Last updated: Jan. 2024.
Professor of Computer Science at the
Weizmann Institute of Science,
Israel.
Incumbent of the Meyer W. Weisgal
Professorial Chair.
Personal: Born in 1957 in Tel-Aviv, Israel. Married to Dana Ron. Israeli Citizen.
Education, Positions and Fellowships: B.A., M.Sc., and D.Sc. in Computer Science, Technion, Israel, 1980, 1982 and 1983, respectively. Post-doctoral Fellow at the theory group of the Laboratory for Computer Science of MIT, 1983-1986. Faculty member of the Computer Science Department at the Technion, 1983-1994. Since 1994, at the Department of Computer Science and Applied Mathematics of the Weizmann Institute of Science, Israel. Visiting Research Professor at the Miller Institute (of UC-Berkeley), 1996. Visiting Scientist at the Laboratory for Computer Science of MIT, 1995-98. Since 2003, a Corresponding Fellow of the Bavarian Academy of Sciences and Humanities. Fellow at the Radcliffe Institute for Advanced Study (of Harvard University), 2003-04.
Research contributions to the foundations of computer science. In particular, to the foundations of cryptography, the study of the relation between randomness and computation (e.g., pseudorandomness, probabilistic proof systems, and property testing), complexity theory at large, and distributed computing. The most important contributions include showing how to construct zero-knowledge proof systems for NP, showing how to solve any multi-party protocol problem, presenting a generic hardcore predicate for any one-way function, and showing how to construct pseudorandom functions. [For more details see academic profile.]

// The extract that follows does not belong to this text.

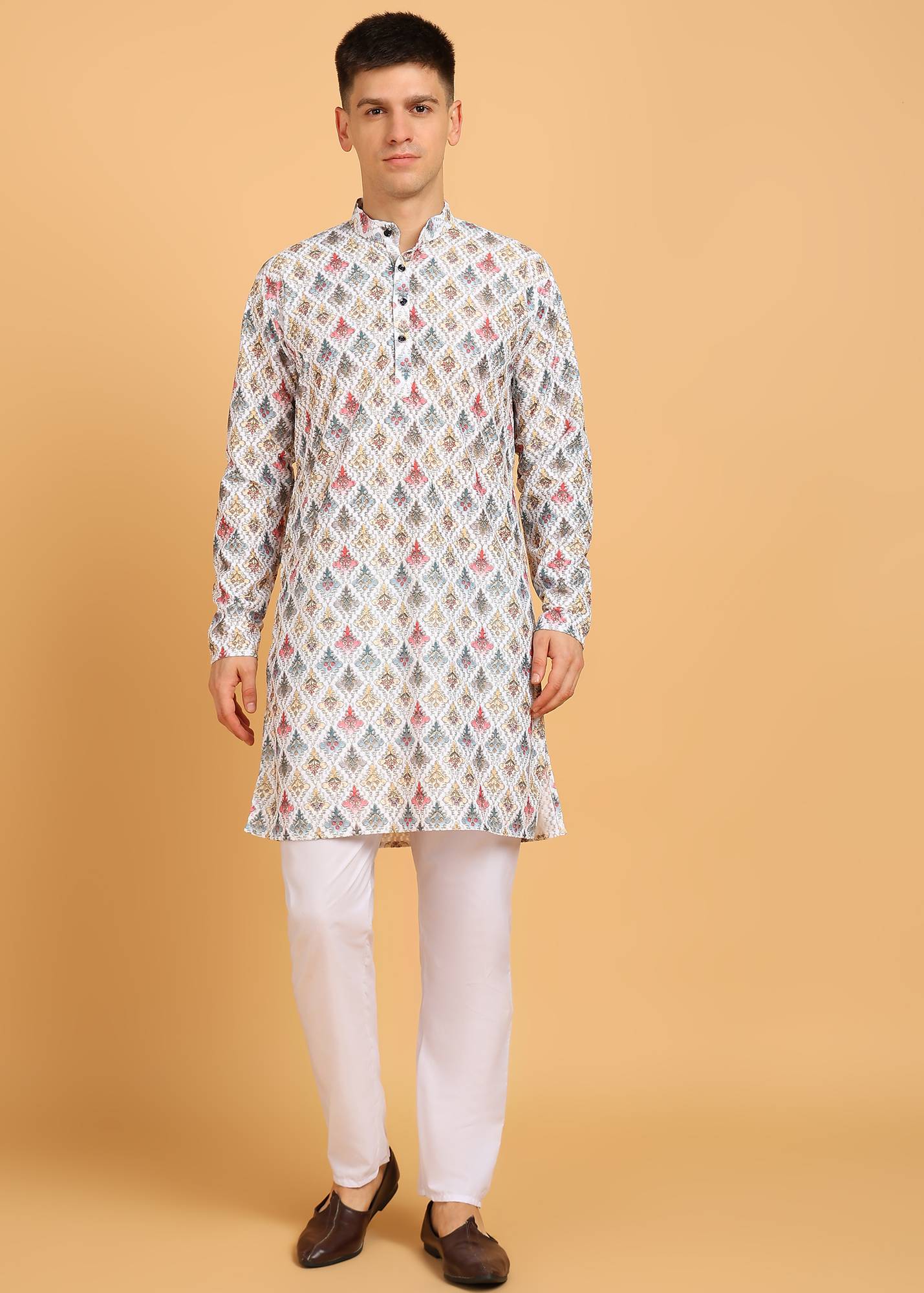 Perfect as a party wear option or for traditional gatherings, this kurta pyjama set is a must-have in any wardrobe. Pair it with mojari shoes for a complete ethnic look that exudes grace and refinement. Available in multiple sizes, this set ensures a perfect fit for every man. Embrace the essence of Indian ethnic wear with this stylish and comfortable ensemble.

Author of the books Modern Cryptography, Probabilistic Proofs and Pseudorandomness, the two-volume Foundations of Cryptography (Vol 1: Basic Tools and Vol 2: Basic Applications), Computational Complexity: A Conceptual Perspective, P, NP, and NP-completeness, and Introduction to Property Testing.
Other professional contribution include editing books in memory of Shimon Even, on property testing, and on the work of Shafi Goldwasser and Silvio Micali; writing numerous technical surveys; and serving on the editorial board of Computational Complexity and ECCC (Electronic Colloquium on Computational Complexity).
Invited speaker at various conferences including the 1994 International Congress of Mathematicians, Crypto'97, and ICALP'00.
Own graduate studies advisor (1980-83): Shimon Even.
Former Graduate Students:
A partial list includes
Boaz Barak
(Ph.D. 04);
Ran Canetti
(M.Sc. 92, Ph.D. 95);
Guy Even (M.Sc. 91);
Tom Gur
(Ph.D. 17);
Iftach Haitner
(M.Sc. 03);
Amir Herzberg
(D.Sc. 91);
Hugo Krawczyk (D.Sc. 90);
Eyal
Kushilevitz (M.Sc. 89);
Yehuda Lindell
(Ph.D. 02);
Noam Livne
(Ph.D. 10);
Or Meir
(M.Sc. 07, Ph.D. 11);
Erez Petrank
(M.Sc. 92,
D.Sc. 95);
Alon Rosen
(Ph.D. 03);
Ron Rothblum
(M.Sc. 10, Ph.D. 15);
Roei Tell
(M.Sc. 15, Ph.D. 20).
See the full list (lightly-annotated).
Some other Research Colaborators in the past and present: Mihir Bellare (UCSD, USA), Benny Chor (Tel-Aviv U., Israel), Shafi Goldwasser (MIT, USA), Shai Halevi (IBM, USA), Johan Hastad (KTH, Sweden), Leonid Levin (BU, USA), Mike Luby (ICSI, USA), Silvio Micali (MIT, USA), Dana Ron (Tel-Aviv U., Israel), Guy Rothblum (Weizmann, Israel), Muli Safra (Tel-Aviv U., Israel), Madhu Sudan (MIT, USA), Salil Vadhan (Harvard, USA), Avi Wigderson (IAS, USA).